2010-01-18

Investors Concur that Pricing Carbon is Needed to Boost Green Tech. By Bryan Walsh, Time, January 15, 2010. "If there's a secret weapon buried in the Copenhagen Accord, it's this: governments will not act alone but will vigorously engage the business world. 'We can only meet this challenge,' says Todd Stern, America's top climate envoy, 'if we can generate sustained, long-term investment in the clean-energy economy.' That was the main message behind the one-day Investor Summit on Climate Risk at the U.N. on Jan. 14. The event connected green luminaries like Al Gore with the unfamous people who direct hundreds of billions in private investment. This was the fourth annual summit, but it may have been the most fortuitously timed of the lot -- occurring after Copenhagen, before the U.S. Senate begins its real work on climate legislation this year and just as investors begin to climb out of the recession.
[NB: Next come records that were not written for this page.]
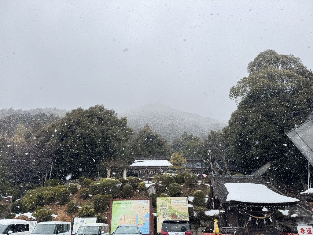 多くのお社が立つ上方、比良山地につながる「近江白坂」のある背後の山も雪霞みの中…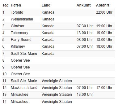 Termin | Preis Außenkabine Smart Kat. ab/an Hafen | |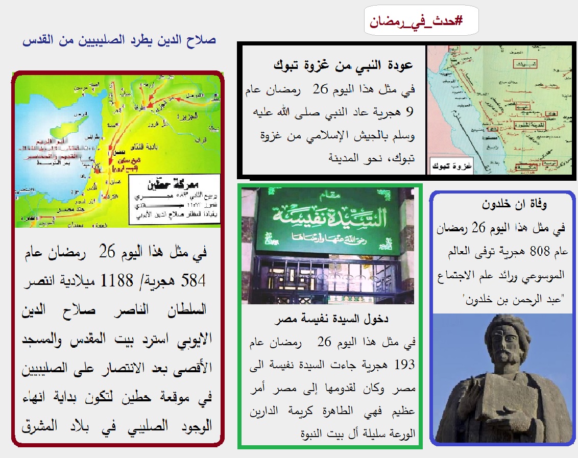 حدث في 26 رمضان .. عودة النبي من تبوك وانتصار صلاح الدين في حطين ووفاة ابن خلدون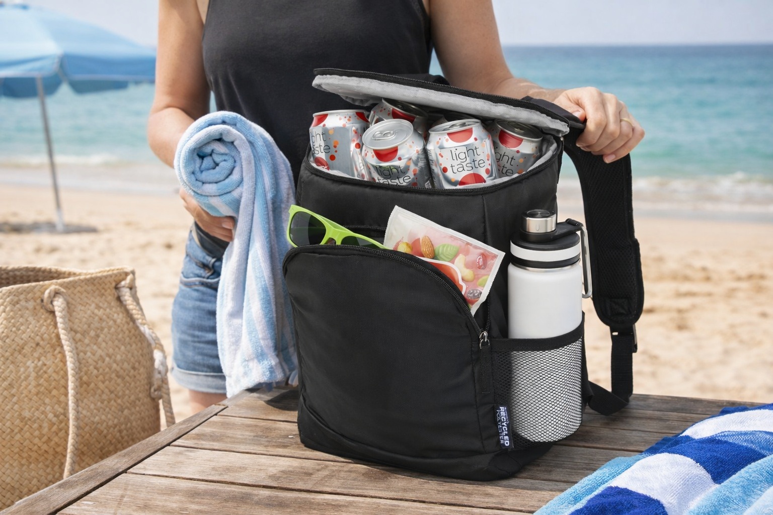 Réalisé avec une isolation thermique haute densité, ce sac à dos dispose d’un compartiment principal zippé, d’une poche frontale zippée, d’une poche latérale maille filet et de bretelles matelassées ajustables. Anti fuite, doublure PEVA facile à nettoyer. Peut contenir 18 canettes. Sans PVC. Fabriqué en polyester 420D recyclé certifié GRS en Chine et imprimé en Europe.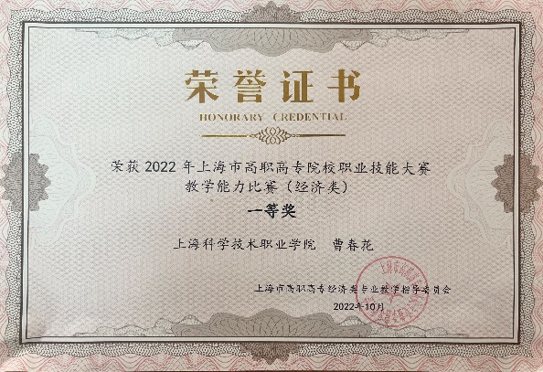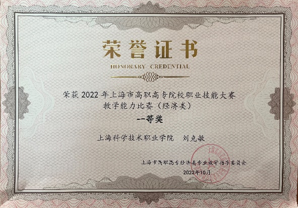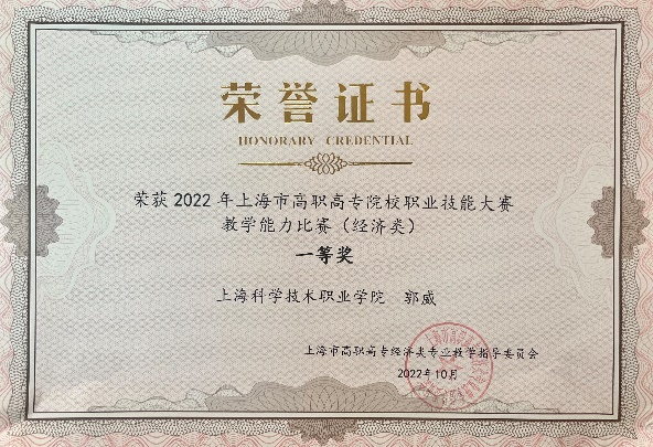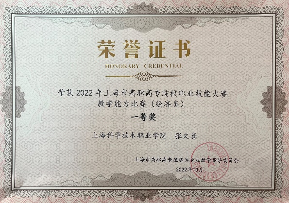 据了解,该比赛由上海市经济类教学指导委员会主办,是展示上海市经济类职业院校教学能力水平的主要舞台,是推动三教改革的重要抓手。经网络初评和决赛评审,共产生一等奖3个,二等奖5个,三等奖8个,该项比赛的前三名可获得教学能力比赛的市赛资格。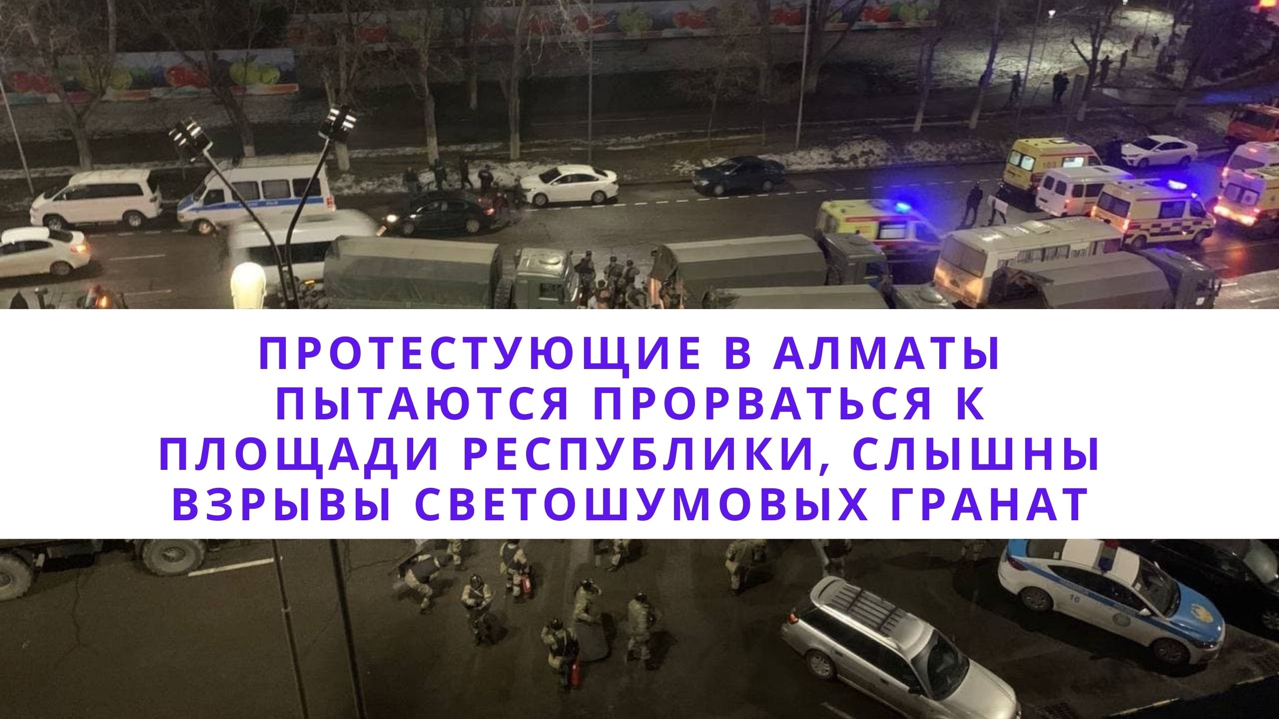 Протестующие в Алматы пытаются прорваться к площади Республики, слышны взрывы светошумовых гранат///

The feeling at the session was hopeful -- investors, especially large-scale institutional funds that need to worry about the long term, are ready to bet on cutting carbon -- but impatient.
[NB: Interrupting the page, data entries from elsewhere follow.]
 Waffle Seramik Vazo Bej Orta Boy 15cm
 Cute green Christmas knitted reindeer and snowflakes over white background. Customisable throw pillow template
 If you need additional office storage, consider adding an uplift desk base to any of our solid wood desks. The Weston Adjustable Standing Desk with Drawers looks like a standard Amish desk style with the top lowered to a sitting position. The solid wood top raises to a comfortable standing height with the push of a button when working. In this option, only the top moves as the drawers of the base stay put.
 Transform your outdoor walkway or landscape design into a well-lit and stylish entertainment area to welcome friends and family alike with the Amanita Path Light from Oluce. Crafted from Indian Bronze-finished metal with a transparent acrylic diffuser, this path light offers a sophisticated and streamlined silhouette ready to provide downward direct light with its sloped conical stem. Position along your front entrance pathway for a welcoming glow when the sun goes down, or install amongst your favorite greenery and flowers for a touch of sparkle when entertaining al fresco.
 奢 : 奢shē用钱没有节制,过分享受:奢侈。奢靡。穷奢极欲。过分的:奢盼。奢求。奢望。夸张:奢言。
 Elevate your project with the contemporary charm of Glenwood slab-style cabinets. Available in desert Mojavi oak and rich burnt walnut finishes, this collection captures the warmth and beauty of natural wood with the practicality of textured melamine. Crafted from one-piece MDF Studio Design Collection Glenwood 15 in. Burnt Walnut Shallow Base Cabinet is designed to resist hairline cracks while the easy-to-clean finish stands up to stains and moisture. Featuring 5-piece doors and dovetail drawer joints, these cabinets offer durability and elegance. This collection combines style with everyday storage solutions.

"The key, as many of them see it, is a policy that would make carbon more expensive, leveling the playing field so that competing technologies like wind and solar can gain traction. 'We had a good start at Copenhagen, but we're still without a very clear goal, without clear carbon caps, without a price on carbon,' says Mindy Lubber, president of Ceres, a national network of major institutional investors and public-interest groups... The International Energy Agency estimates that more than $10 trillion in investment will be needed over the next 20 years to support a global transition to a lower-carbon economy. We're nowhere near that -- Lubber says that $140 billion was invested globally in renewable and low-carbon technologies last year, a number that she estimates will rise to $190 billion this year."